Call for Posts
Proposal Deadline: March 7th, 2023
Series Publication: Spring 2023
The climate crises that define the Anthropocene have led to traumatic experiences, such as loss of connection to one’s land, disappearance of traditional agricultural practices, and forced migration. Foregrounding novel methodological approaches can help to reflect the complex and multifaceted nature of these experiences. Arts-based research methods allow for diverse ways of examining trauma narratives and foster more holistic, in-depth comprehension of human lives, words, and sensory perceptions in the Anthropocene that more traditional approaches of qualitative research might not capture.
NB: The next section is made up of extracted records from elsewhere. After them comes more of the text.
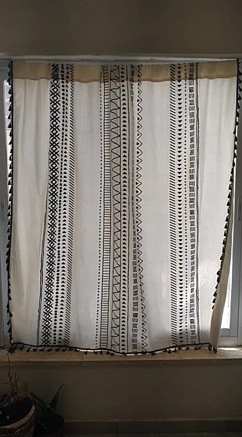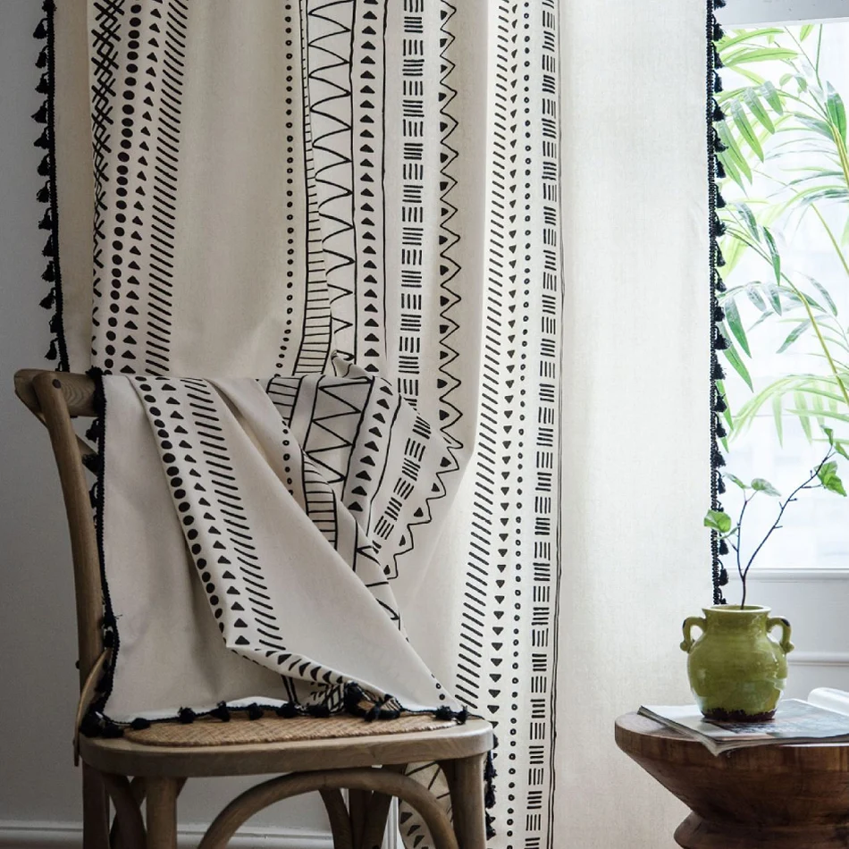 Занавеска в стиле бохо, полосатая занавеска с геометрическим рисунком, с кисточками, для спальни, гостиной
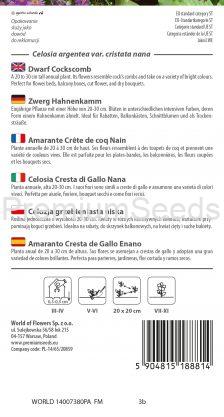 A 20 to 30 cm tall annual plant. Its flowers resemble cock’s combs and take on a variety of bright colours. Perfect for flower beds, balcony boxes, cut flower, and dry bouquets.
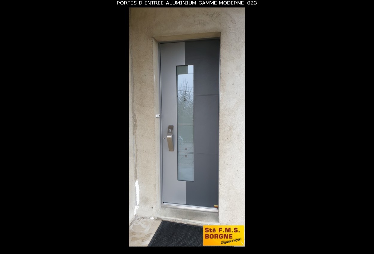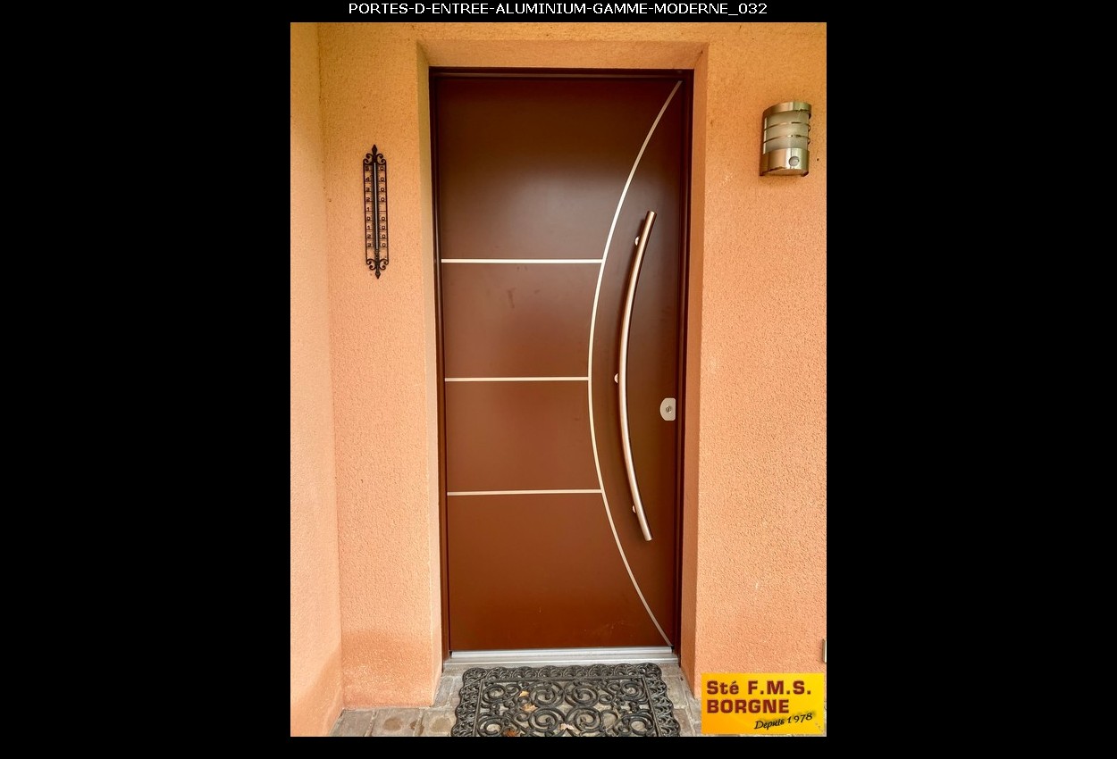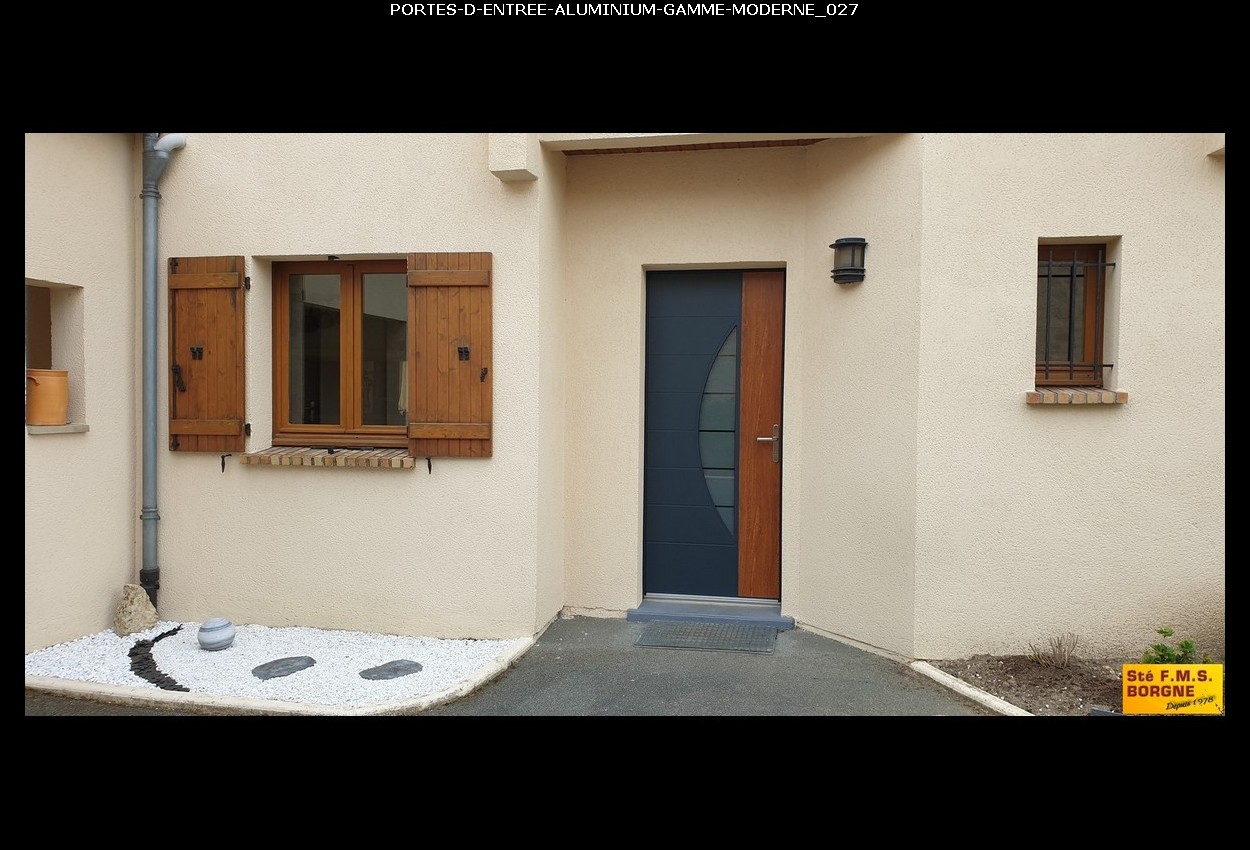 La porte d'entrée en aluminium offre une combinaison parfaite de sécurité, modernité et élégance, idéale pour sublimer votre façade. Avec sa structure robuste et légère, elle résiste aux intempéries sans se déformer, tout en nécessitant peu d'entretien. Disponible dans une variété de finitions et de couleurs, cette porte apporte une touche contemporaine à votre maison tout en assurant une isolation optimale.
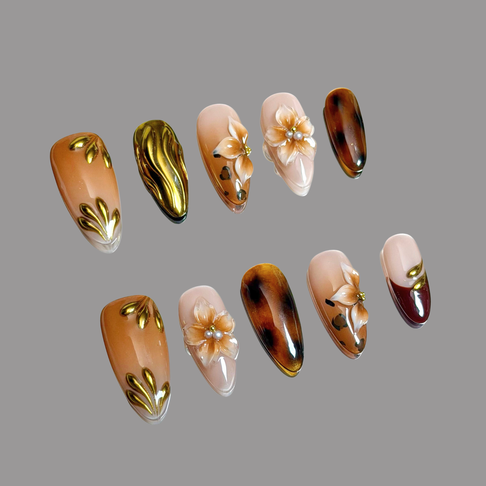 🍁Warm golden tones melt into rich browns in Molten, a Maillard-inspired set designed for the glow of autumn. The 3D chrome lines ripple like liquid gold, paired with hand-crafted brown florals and soft, smoky leopard details. A luxe, earthy harmony — perfect for those who love understated glamour with seasonal warmth.

Susan Finley describes arts-based research as an “inquiry uniquely positioned as a methodology for radical, ethical, and revolutionary research that is futuristic, socially responsible, and useful in addressing social inequities.”1 This methodology entails social reconstruction through the utilization of emotive experiences and bodily intellect as “moments of epiphany,”2 which provides the opportunity to interpret issues more precisely and unconventionally. For example, a trauma victim can express themselves through song, which allows them the range of emotions which they might be unable to express otherwise.
Questions this series seeks to engage with include: What are some environmental issues that artistic interventions attempt to examine and how? Why is arts-based research the best way forward in case of such research intervention? How can arts-based research add to traditional qualitative research methodologies? What are the problems faced when employing arts-based research methods to matters of grave and immediate importance? How does arts-based research effectively communicate theories, narratives, and findings of heavy research?
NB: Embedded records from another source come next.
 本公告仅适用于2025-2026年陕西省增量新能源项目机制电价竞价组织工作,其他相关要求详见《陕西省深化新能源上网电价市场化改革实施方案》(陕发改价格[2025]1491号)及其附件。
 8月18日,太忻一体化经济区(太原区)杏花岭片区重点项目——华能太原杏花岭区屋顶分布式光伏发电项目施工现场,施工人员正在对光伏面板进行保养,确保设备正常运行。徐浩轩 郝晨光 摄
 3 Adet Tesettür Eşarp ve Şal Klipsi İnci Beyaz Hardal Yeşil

The series is open to reflective pieces, research findings, art installations and interpretations, as well as participatory research reports. Potential topics and themes may include, but are not limited to :
- Climate disasters and forced migration
- Marginalized occupations
- Community participation in envisioning better futures
- Histories of discrimination
- Indigenous knowledge
- Trauma narratives
- Policy building
- Colonization’s effect on people’s relationship to the land
The Network in Canadian History and Environment (NiCHE) invites expressions of interest from activists, independent researchers, academics, students, musicians, artists, and thespians interested in contributing to a blog series exploring Arts-Based Research approaches to topics in the environmental humanities.
Please submit a 100-word abstract to Amrita DasGupta (a.dasgupta7 [@] lse.ac.uk) by March 7th, 2023. Those selected to contribute complete blog posts of 800-1000 words will be notified by end of March 2023. The series will be published in spring 2023.
NiCHE offers $100 CAD honoraria to contributors without adequate or consistent access to institutional support. Learn more about our honoraria policy here.
1 Finley, Susan. Handbook of the Arts in Qualitative Research: Perspectives, Methodologies, Examples, and Issues. Thousand Oaks, CA: SAGE Publications, Inc., 2008. SAGE Research Methods, doi: https://dx.doi.org/10.4135/9781452226545.
2 Lincoln, Yvonna S, and Norman K Denzin. Turning Points in Qualitative Research : Tying Knots in a Handkerchief. AltaMira Press, 2003.